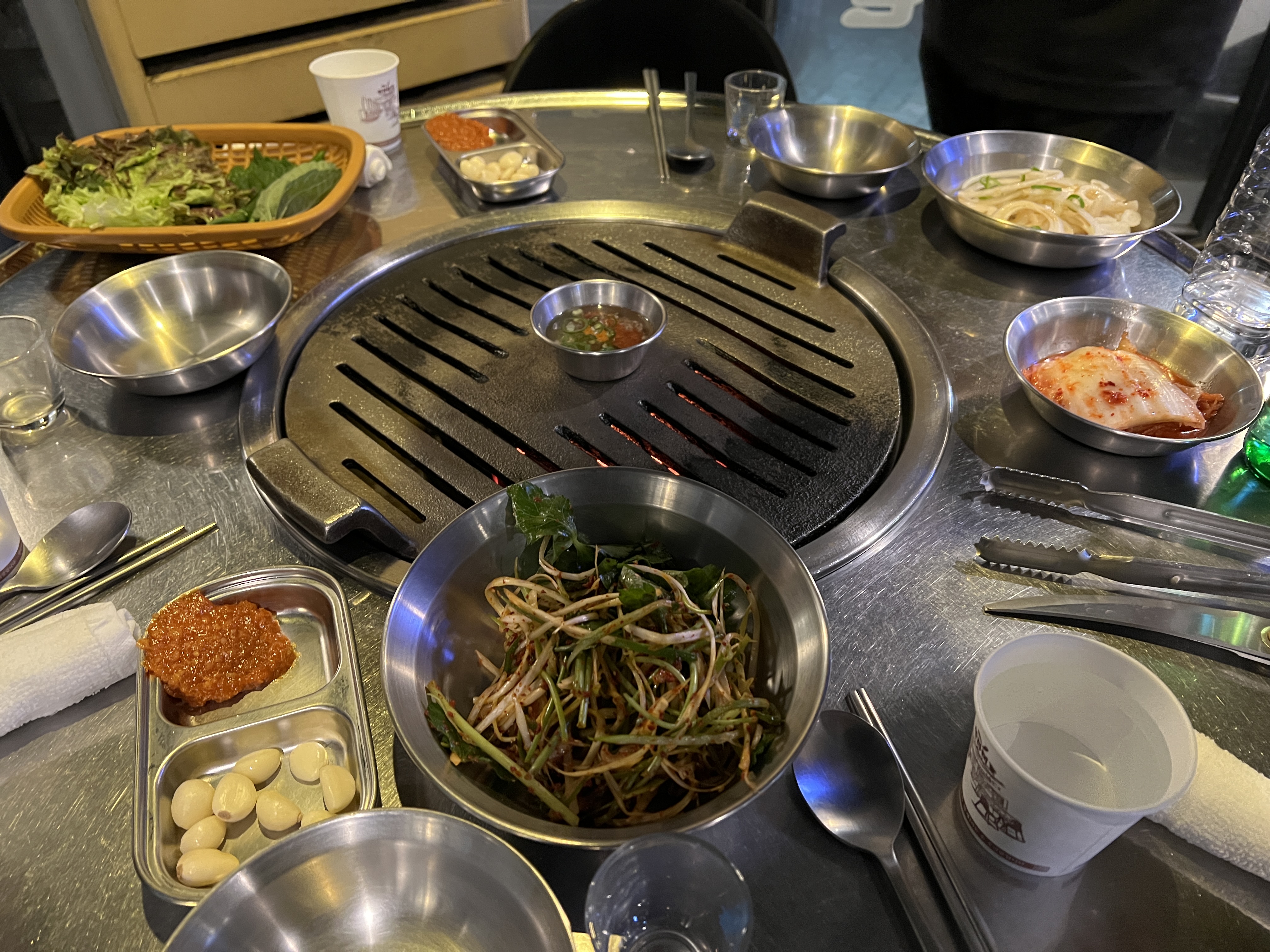 밑반찬은 김치, 양파절임, 쌈장, 마늘, 상추, 깻잎, 파무침, 특제소스 등 딱 필요한 반찬만 제공됩니다.
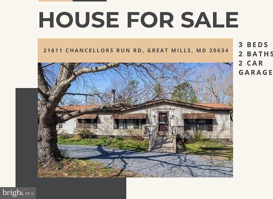 What a Rare & Awesome Opportunity to buy in this quaint community! This property is a blank canvas waiting for your vision. Perfect for Investors, DIY enthusiasts, or anyone looking to bring new life to a home. Don't miss out on the chance to ADD VALUE and MAKE IT YOUR OWN. This 3-bedroom, 2-bath, single-level home is situated on a LOVELY, shady lot that offers Incredible POTENTIAL. There's PLENTY OF SPACE and a LARGE YARD on almost 1 ACRE of land. The house is almost 1800 SQ FT vs 1100 of most similar homes in the area (1/3 LARGER!). In addition, the LOT is almost 1 ACRE where most lots are .30 of an acre! So 3 TIMES AS LARGE. Features HANDICAP ASSESSABLE entrance ramp and EXTRA-LARGE, 2-BAY DETACHED GARAGE that can be used as an office, shop, party room, or many other ENDLESS POSSIBILITIES. With some VISION and IMAGINATION (ie: SUBDIVIDE the LAND into 2 or 3 Lots!) , this property could truly shine! Unleash your CREATIVITY and bring this home back to its original glory. Ask us about rehab values. Minutes from GREAT SHOPPING AND RESTAURANTS. Enjoy outdoor fun at Chancellors Run Regional Park, St. Mary's River State Park, Leonardtown Wharf Park, Newtowne Neck State Park, Elm's Beach Park, Breton Beach, and Great Mills Swimming Pool! Close to Vandermere Farm and Stables, Southern Maryland Laser Tag, Piney Point Lighthouse Museum & Historic Park, Old Jail Museum, and Patuxent Naval Air Museum. Find great civilian and military employment opportunities on the Naval Air Station, Navair, as well as jobs at local hotels such as Spark by Hilton, LaQuinta Inn & Suites, Townplace Suites, and Comfort Inn and Suites. Conveniently located near MD-4. Nearby Hospitals include Naval Health Clinic Patuxent River (3.8m); Hollywood Medical Center (8.8m); Medstar St Mary's Hospital (12m). Want to see the home in person? SCHEDULE a showing TODAY!! Investors: Great ROI! This house offers a phenomenal Investment Property Opportunity for Fix & Flip or Rental Property for Passive Rental Income (BRRR). ** The After Repair Value (ARV) for similar REHABBED SOLD homes in the area in 2025 is up to $370,000 (ie: 45506 Grant Pl - $370,000 on 7/17/25). * Similar REHABBED homes in the area have RENTED for up to $2,450 (ie: 22005 Baja Ln - $2,450 on 6/9/25).
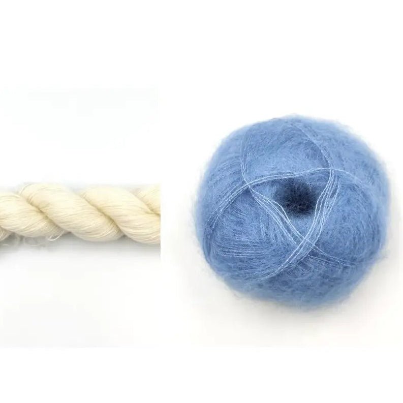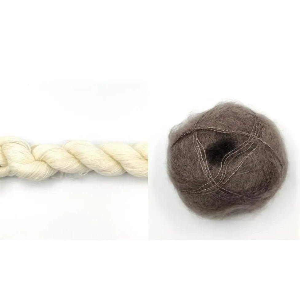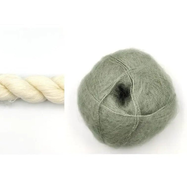 - Mohair by Canard Kid Mohair 1 ply en Brushed Lace – duurzaam RMS-gecertificeerd mohairgaren, in jouw gekozen kleurcombinatie:
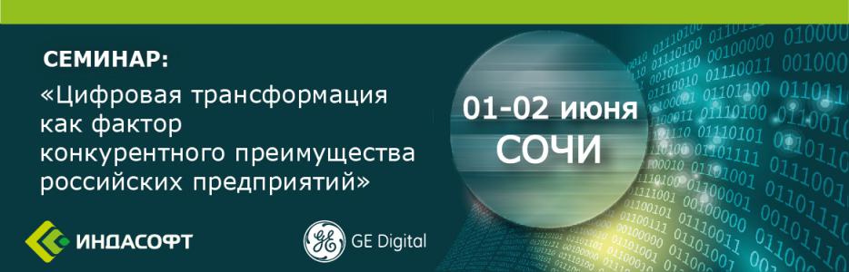 ООО «ИндаСофт» совместно с компанией GE Digital приглашают Вас посетить специализированный двухдневный семинар «Цифровая трансформация как фактор конкурентного преимущества российских предприятий», который пройдет 1 и 2 июня в г. Сочи по адресу: ул. Черноморская, 4, гостиница «Sea Galaxy Congress & Spa Hotel».
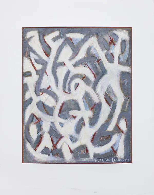 na odwr. oprawy p.g. tuszem: Stanisław Młodożeniec 2012 | Olej / Akryl / 34,5 x 42,5, niżej nalepka z numerem akwarelą: 04/450
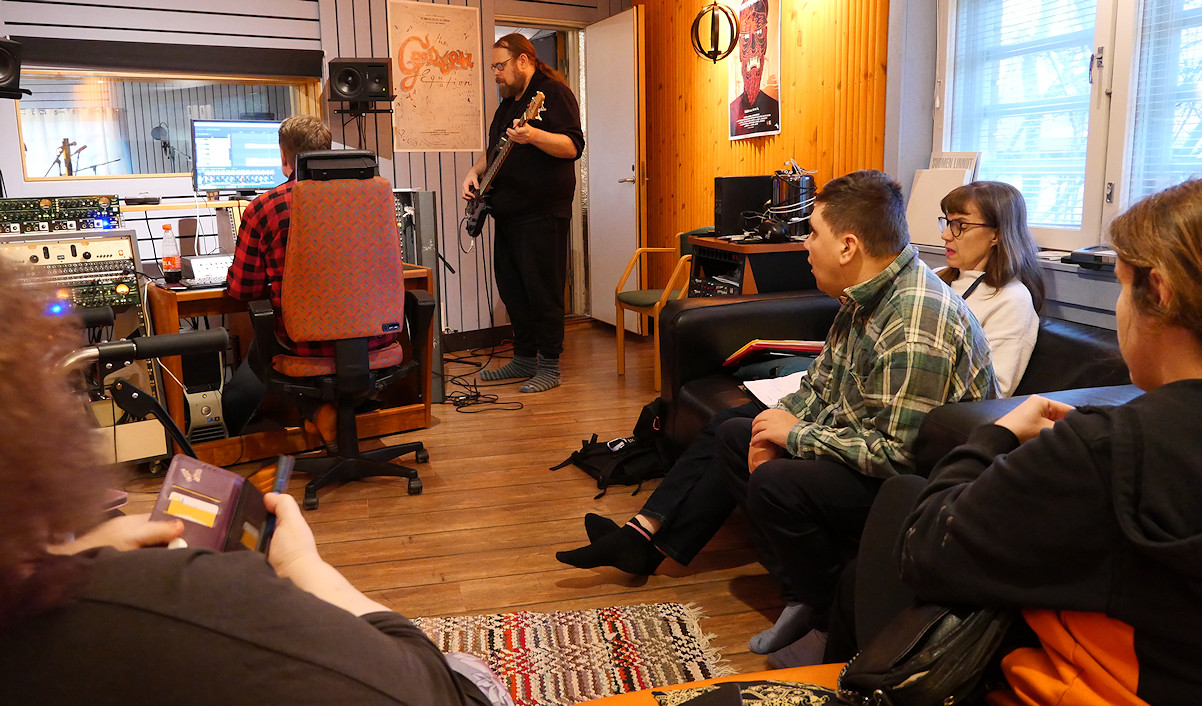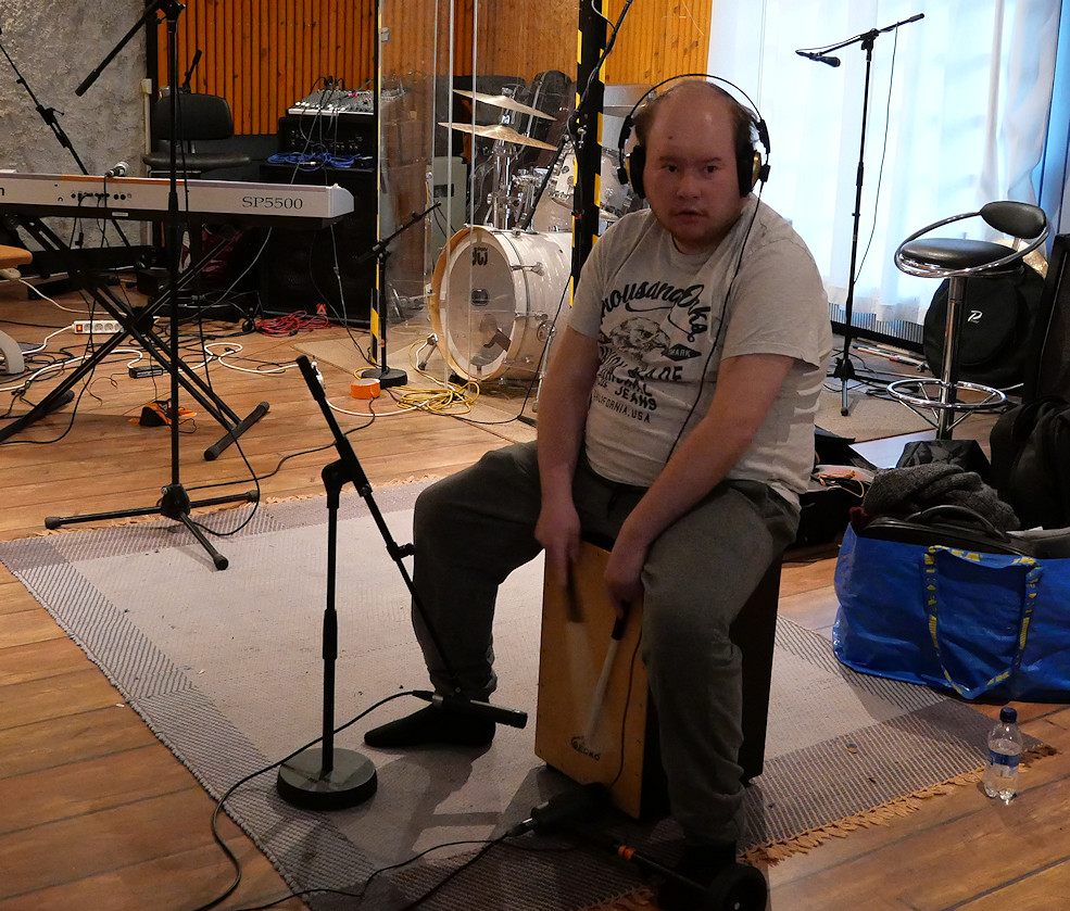 Nyt ollaan syöty ruoka ja myöhemmin juodaan kahvia vielä äänitetään lauluja täällä äänitys studiossa.
——
*Task requirements:* Set down the records again verbatim, with no pictures.

*The completed task:*
 밑반찬은 김치, 양파절임, 쌈장, 마늘, 상추, 깻잎, 파무침, 특제소스 등 딱 필요한 반찬만 제공됩니다.
 What a Rare & Awesome Opportunity to buy in this quaint community! This property is a blank canvas waiting for your vision. Perfect for Investors, DIY enthusiasts, or anyone looking to bring new life to a home. Don't miss out on the chance to ADD VALUE and MAKE IT YOUR OWN. This 3-bedroom, 2-bath, single-level home is situated on a LOVELY, shady lot that offers Incredible POTENTIAL. There's PLENTY OF SPACE and a LARGE YARD on almost 1 ACRE of land. The house is almost 1800 SQ FT vs 1100 of most similar homes in the area (1/3 LARGER!). In addition, the LOT is almost 1 ACRE where most lots are .30 of an acre! So 3 TIMES AS LARGE. Features HANDICAP ASSESSABLE entrance ramp and EXTRA-LARGE, 2-BAY DETACHED GARAGE that can be used as an office, shop, party room, or many other ENDLESS POSSIBILITIES. With some VISION and IMAGINATION (ie: SUBDIVIDE the LAND into 2 or 3 Lots!) , this property could truly shine! Unleash your CREATIVITY and bring this home back to its original glory. Ask us about rehab values. Minutes from GREAT SHOPPING AND RESTAURANTS. Enjoy outdoor fun at Chancellors Run Regional Park, St. Mary's River State Park, Leonardtown Wharf Park, Newtowne Neck State Park, Elm's Beach Park, Breton Beach, and Great Mills Swimming Pool! Close to Vandermere Farm and Stables, Southern Maryland Laser Tag, Piney Point Lighthouse Museum & Historic Park, Old Jail Museum, and Patuxent Naval Air Museum. Find great civilian and military employment opportunities on the Naval Air Station, Navair, as well as jobs at local hotels such as Spark by Hilton, LaQuinta Inn & Suites, Townplace Suites, and Comfort Inn and Suites. Conveniently located near MD-4. Nearby Hospitals include Naval Health Clinic Patuxent River (3.8m); Hollywood Medical Center (8.8m); Medstar St Mary's Hospital (12m). Want to see the home in person? SCHEDULE a showing TODAY!! Investors: Great ROI! This house offers a phenomenal Investment Property Opportunity for Fix & Flip or Rental Property for Passive Rental Income (BRRR). ** The After Repair Value (ARV) for similar REHABBED SOLD homes in the area in 2025 is up to $370,000 (ie: 45506 Grant Pl - $370,000 on 7/17/25). * Similar REHABBED homes in the area have RENTED for up to $2,450 (ie: 22005 Baja Ln - $2,450 on 6/9/25).
 - Mohair by Canard Kid Mohair 1 ply en Brushed Lace – duurzaam RMS-gecertificeerd mohairgaren, in jouw gekozen kleurcombinatie:
 ООО «ИндаСофт» совместно с компанией GE Digital приглашают Вас посетить специализированный двухдневный семинар «Цифровая трансформация как фактор конкурентного преимущества российских предприятий», который пройдет 1 и 2 июня в г. Сочи по адресу: ул. Черноморская, 4, гостиница «Sea Galaxy Congress & Spa Hotel».
 na odwr. oprawy p.g. tuszem: Stanisław Młodożeniec 2012 | Olej / Akryl / 34,5 x 42,5, niżej nalepka z numerem akwarelą: 04/450
 Nyt ollaan syöty ruoka ja myöhemmin juodaan kahvia vielä äänitetään lauluja täällä äänitys studiossa.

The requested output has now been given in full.